At Other Institutions

  • ENGL 260: Political Fictions
  • ENGL 160: The Multiethnic Midwest

Selected Honors/Awards

  • Redefining Doctoral Education Mini Grant, Center for the Humanities at Washington University in St. Louis (2025)
  • Hertlein-Whitehead Visiting Scholar Award, Pittsburg State University (2024)
  • Newberry Library/Midwest Modern Language Association Research Fellowship (2023)

Presentations/Publications/Productions

Articles and Book Chapters

  • “The Transatlantic Radicalism of Eric Walrond, Claude McKay, Dorothy West, and W.E.B. Du Bois.” The Cambridge Companion to Fiction of the Harlem Renaissance, edited by Martha Patterson, Cambridge University Press, forthcoming.
  • “Pioneers and Populists: Sutton E. Griggs, Oscar Micheaux, and Independent Black Publishing at the Turn of the Century.” College Literature, vol. 51, no. 4, special issue “American Literary Institutions around 1900,” edited by Sheila Liming, Alexander Starre, and Florian Sedlmeier, fall 2024, pp. 587-615. Doi: 10.1353/lit.2024.a939756
  • “Anvil, the Forgotten Magazine of Heartland Marxism.” Jacobin, 23 Feb. 2025, https://jacobin.com/2025/02/anvil-magazine-midwest-communism-conroy. 

Book Reviews

  • Workers of All Colors Unite: Race and the Origins of American Socialism by Lorenzo Costaguta.

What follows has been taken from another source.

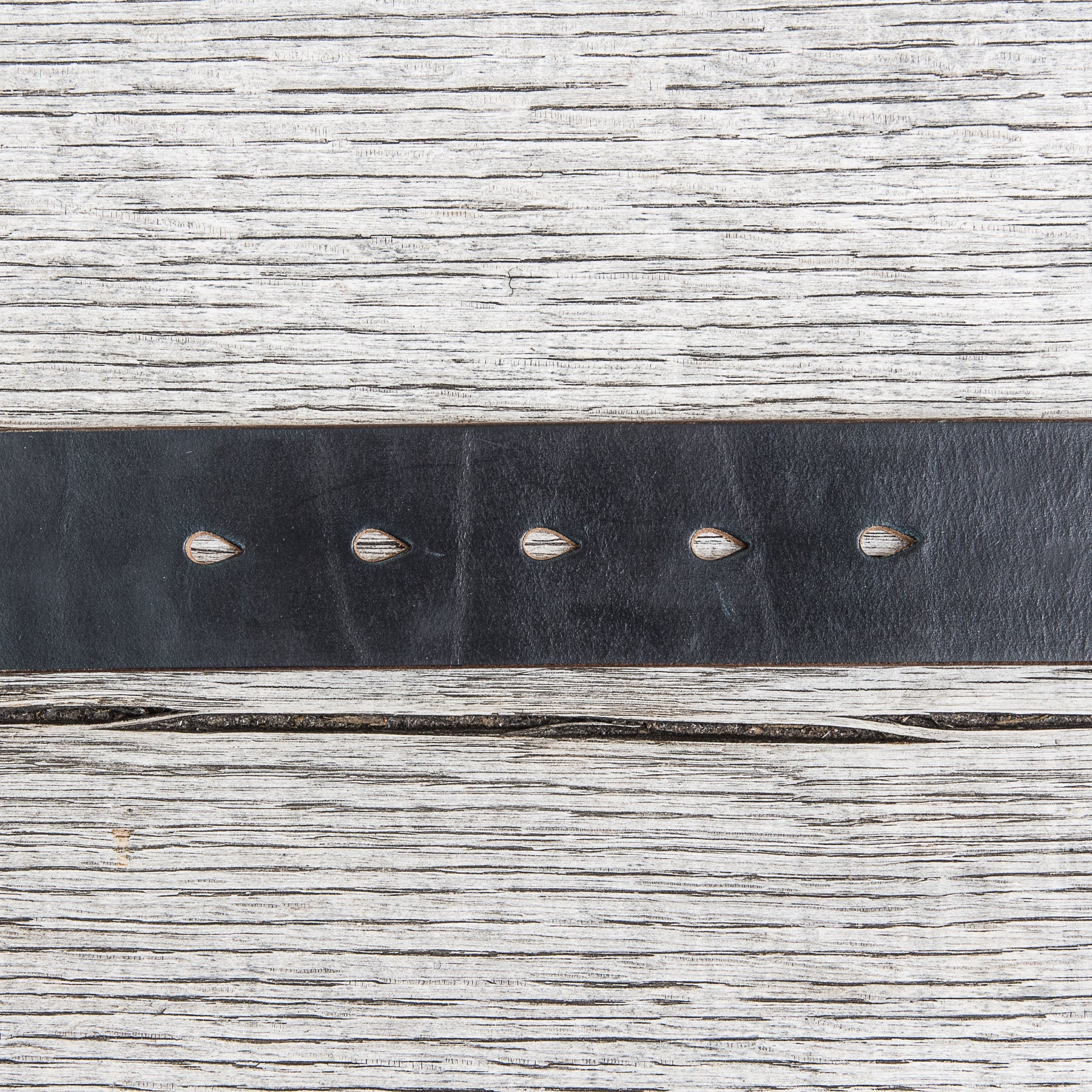 This beautiful belt is handmade in Sweden by Lone Wolf Leathers. The material used is Horween Chromeexcel, this American tannery is known today for making some of the finest leathers in the world! The tanning recipe for Horweens Chromexcel is over one hundred years old. In fact it dates back to 1913. Chromexcell leather is first tanned with a mixture of chrome tanning (chrome salts) and thereafter the leather is retanned using a traditional veg tanning process (bark extracts). This gives Chromexcel leather the best qualities of both tanning processes. The soft, supple, and durable qualities of chrome tanned leather and the round and full qualities of veg tanned leather that patina well. After the tanning process the leather is "hot stuffed" with oils, greases and bees wax that give the leather its characteristic pull up. The leather is finally hand dyed using an aniline stain. The characteristic "tea core" patina will show after use when the top stain wares off and the underlying leather color becomes visible.

H-Socialisms, H-Net, March 2024. https://www.h-net.org/reviews/showpdf.php?id=58851. 
  • To Make Negro Literature: Writing, Literary Practice, and African American Authorship by Elizabeth McHenry. Journal of the Midwest Modern Language Association (JMMLA), vol. 56, no. 2, fall 2023, pp. 145-149.

Conference Presentations

  • “The Little Red Songbook and the Legibility of the Oppressed.” Midwest Modern Language Association, Milwaukee, Wis., “Printed Sounds: Music and Print Cultures of the 20th Century,” Nov. 14-16, 2025.
  • “Sacco and Vanzetti: A Story of the Americanization of the Left.” Modernist Studies Association, Boston, Mass., “The Never-Ending Wrong: The Cultural Legacies of Sacco and Vanzetti at 100,” Oct. 9-12, 2025.
  • “Gateways and Borderlands: Teaching Writing and Rhetoric in a Divided St. Louis,” with Ryan Prewitt. Modern Language Association, New Orleans, LA, “Teaching the Rust Belt: How Emplaced Humanities Practices Can Re-Envision the Rust Belt,” Jan. 9-12, 2025.
  • Co-organizer, “Aestheticizing Politics/Politicizing Aesthetics: The St. Louis Symposium on Radicalism in U.S. Arts.” St. Louis Public Library, August 23-24, 2024.